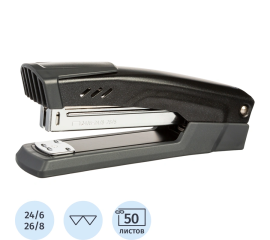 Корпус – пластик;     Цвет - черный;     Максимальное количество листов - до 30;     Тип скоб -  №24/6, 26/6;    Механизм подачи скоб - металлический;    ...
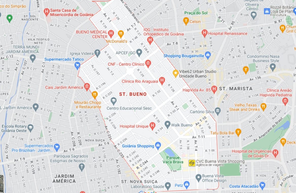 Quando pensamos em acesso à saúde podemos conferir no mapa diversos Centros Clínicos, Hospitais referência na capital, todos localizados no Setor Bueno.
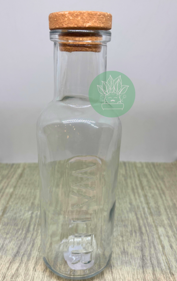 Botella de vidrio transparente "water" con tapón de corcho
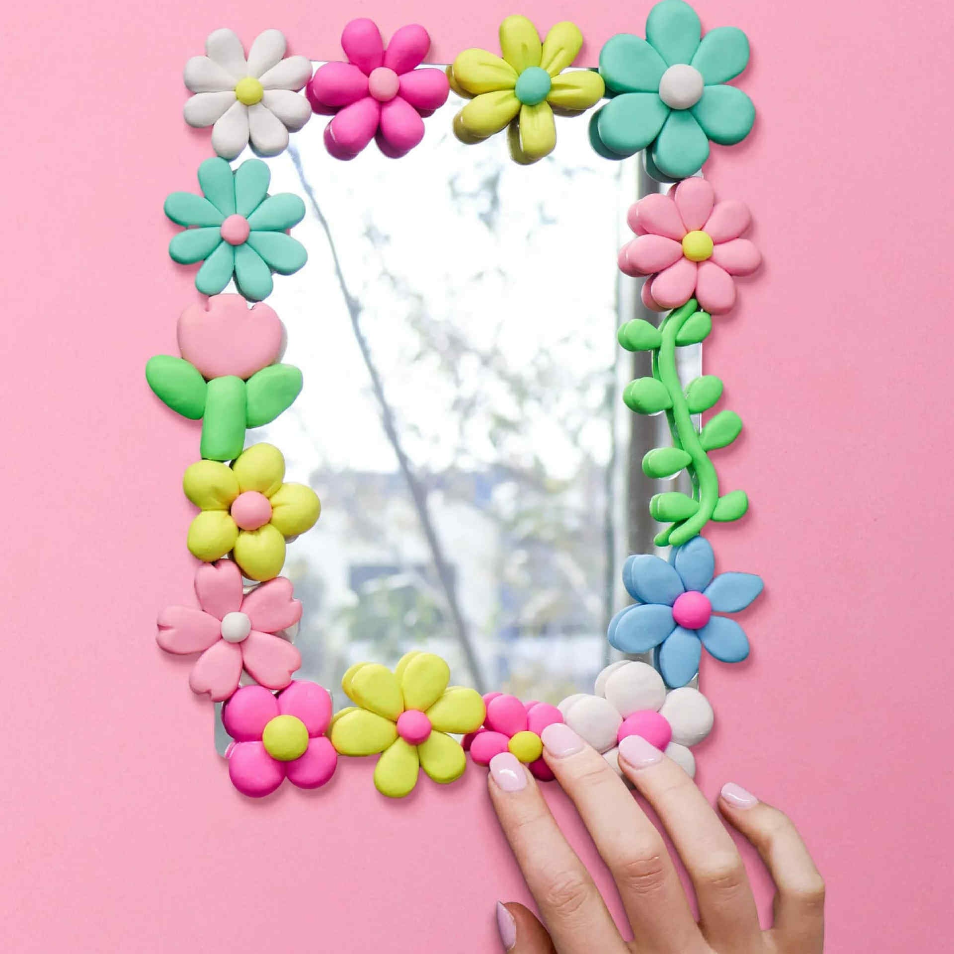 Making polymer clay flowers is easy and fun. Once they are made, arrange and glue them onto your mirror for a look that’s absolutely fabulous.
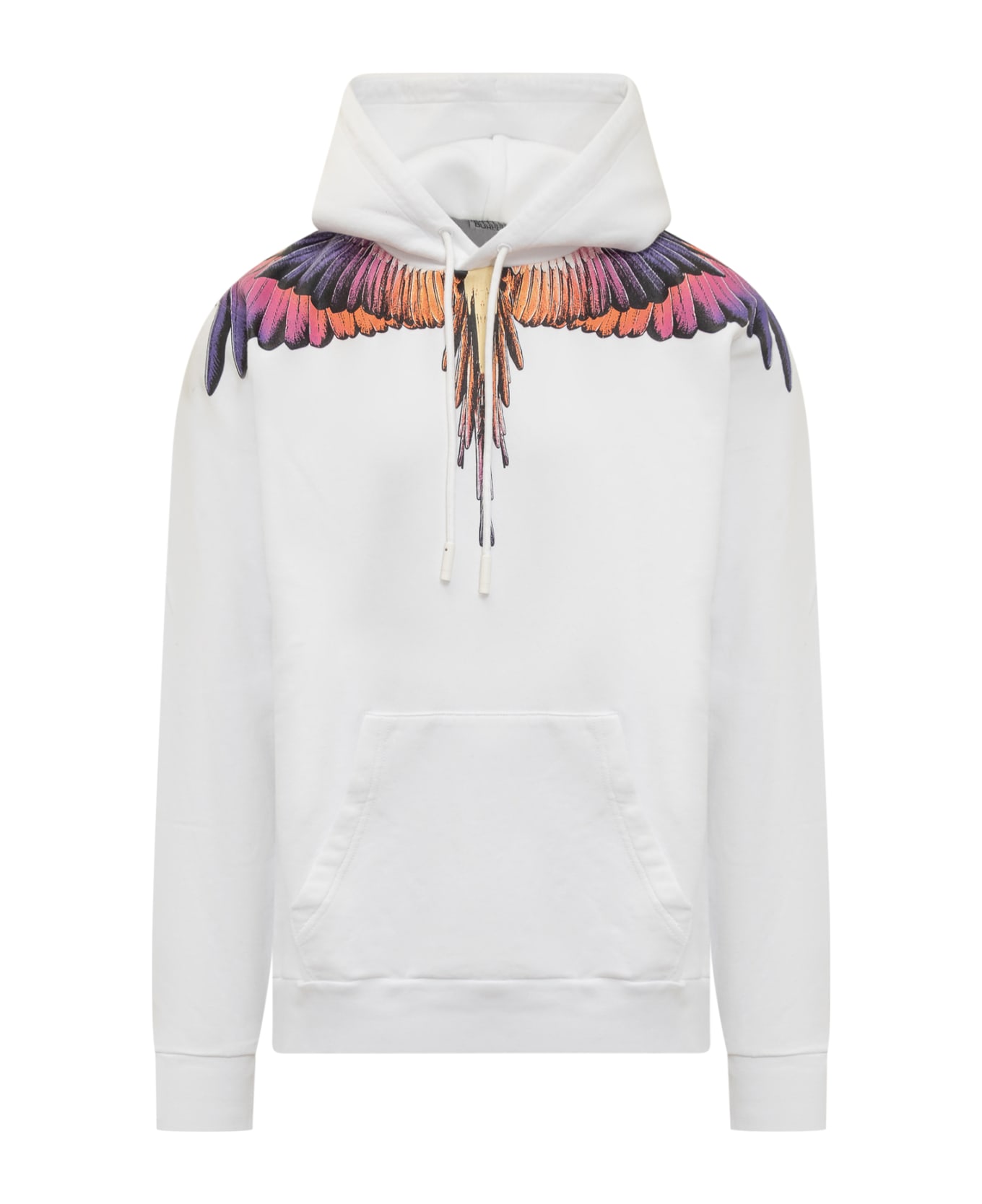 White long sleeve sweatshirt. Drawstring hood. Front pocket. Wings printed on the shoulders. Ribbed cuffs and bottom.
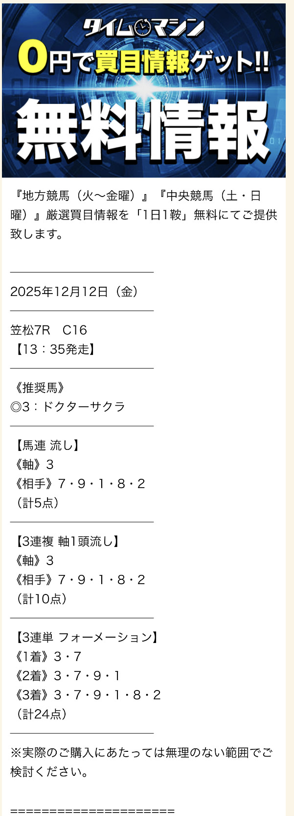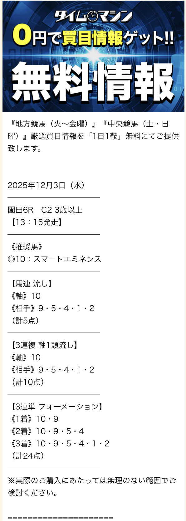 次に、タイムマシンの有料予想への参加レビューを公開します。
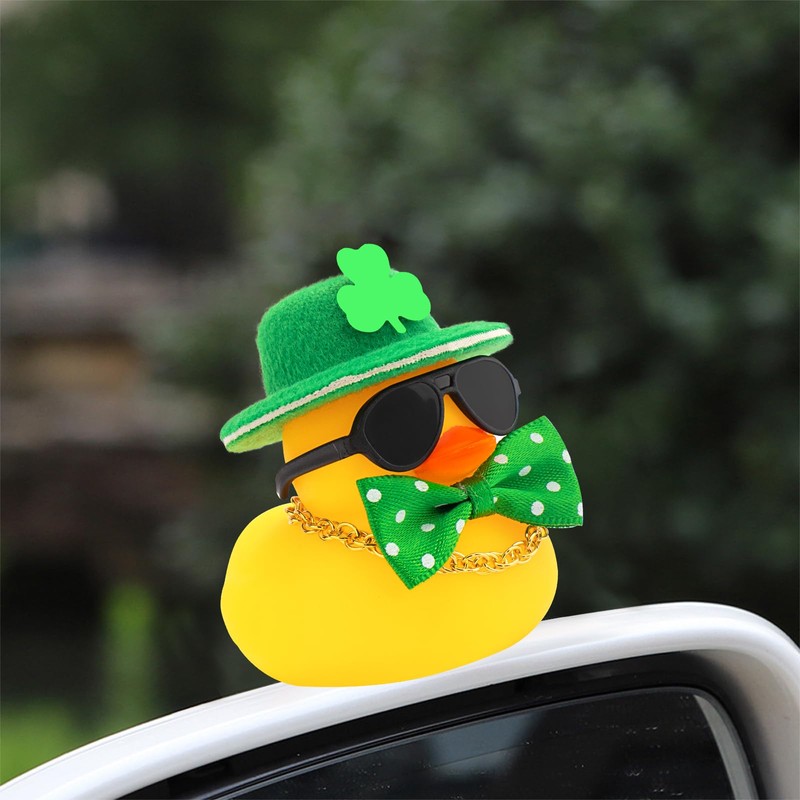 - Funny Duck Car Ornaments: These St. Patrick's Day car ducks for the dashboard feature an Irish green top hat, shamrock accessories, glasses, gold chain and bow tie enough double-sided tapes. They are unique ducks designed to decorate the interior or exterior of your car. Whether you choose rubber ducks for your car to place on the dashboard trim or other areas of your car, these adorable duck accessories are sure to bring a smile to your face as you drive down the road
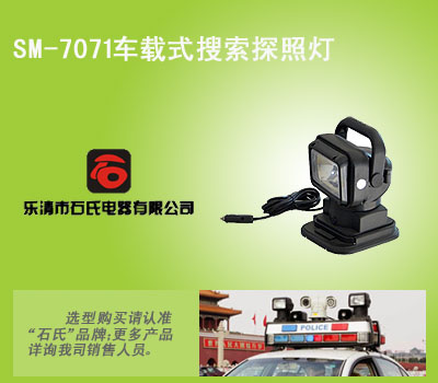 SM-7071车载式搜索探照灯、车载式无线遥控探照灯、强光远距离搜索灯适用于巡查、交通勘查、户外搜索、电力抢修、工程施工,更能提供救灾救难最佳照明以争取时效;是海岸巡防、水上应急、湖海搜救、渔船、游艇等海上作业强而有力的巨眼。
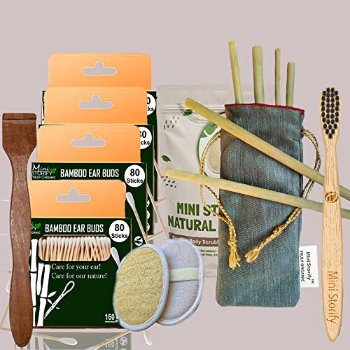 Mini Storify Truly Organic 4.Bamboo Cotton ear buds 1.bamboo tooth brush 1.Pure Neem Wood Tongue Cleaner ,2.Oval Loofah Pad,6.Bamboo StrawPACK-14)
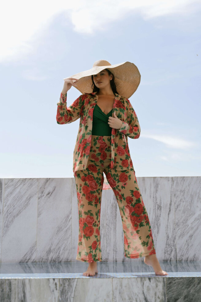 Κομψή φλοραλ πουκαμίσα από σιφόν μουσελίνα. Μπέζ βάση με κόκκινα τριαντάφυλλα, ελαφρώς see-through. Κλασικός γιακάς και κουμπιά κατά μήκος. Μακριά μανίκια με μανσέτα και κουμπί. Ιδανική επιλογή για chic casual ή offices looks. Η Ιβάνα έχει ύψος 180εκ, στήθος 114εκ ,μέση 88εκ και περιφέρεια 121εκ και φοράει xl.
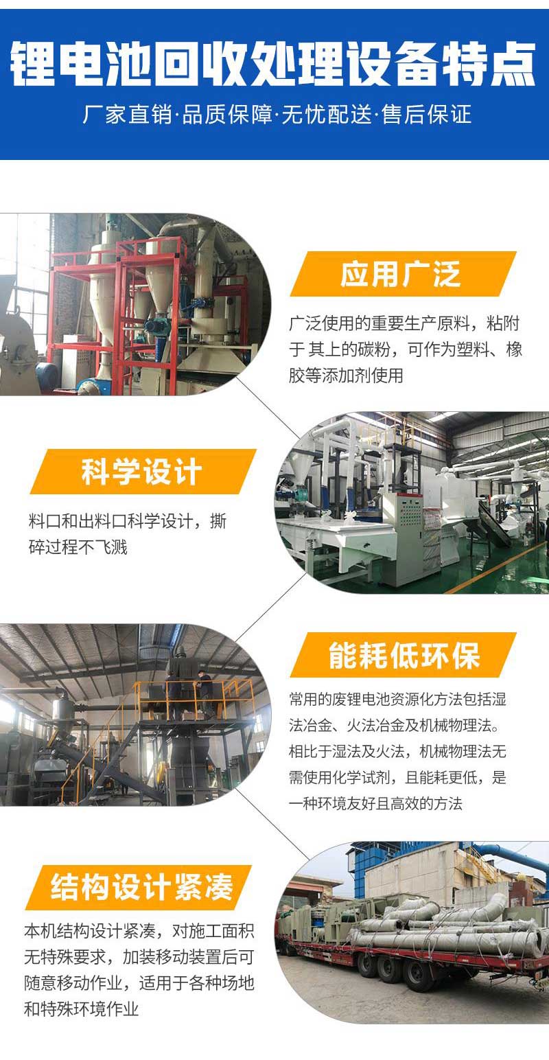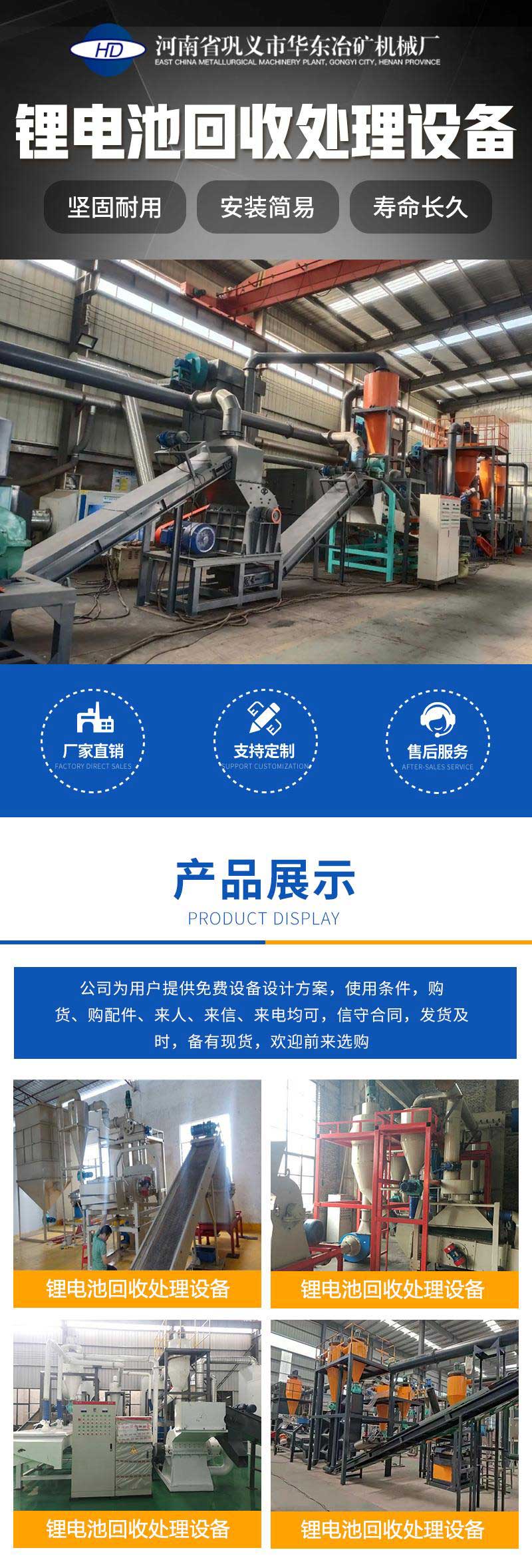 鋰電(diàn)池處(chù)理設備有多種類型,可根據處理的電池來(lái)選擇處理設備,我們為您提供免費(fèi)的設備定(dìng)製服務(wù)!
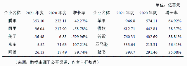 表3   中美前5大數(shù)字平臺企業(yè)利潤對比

★ ★ ★ ★ ★ ★ ★

ACTIVITY: Take the line containing "鋰電(diàn)池處(chù" through the last line of the material and retype exactly those lines, both ends included, with no pictures.

ANSWER SECTION:
 鋰電(diàn)池處(chù)理設備有多種類型,可根據處理的電池來(lái)選擇處理設備,我們為您提供免費(fèi)的設備定(dìng)製服務(wù)!
 表3   中美前5大數(shù)字平臺企業(yè)利潤對比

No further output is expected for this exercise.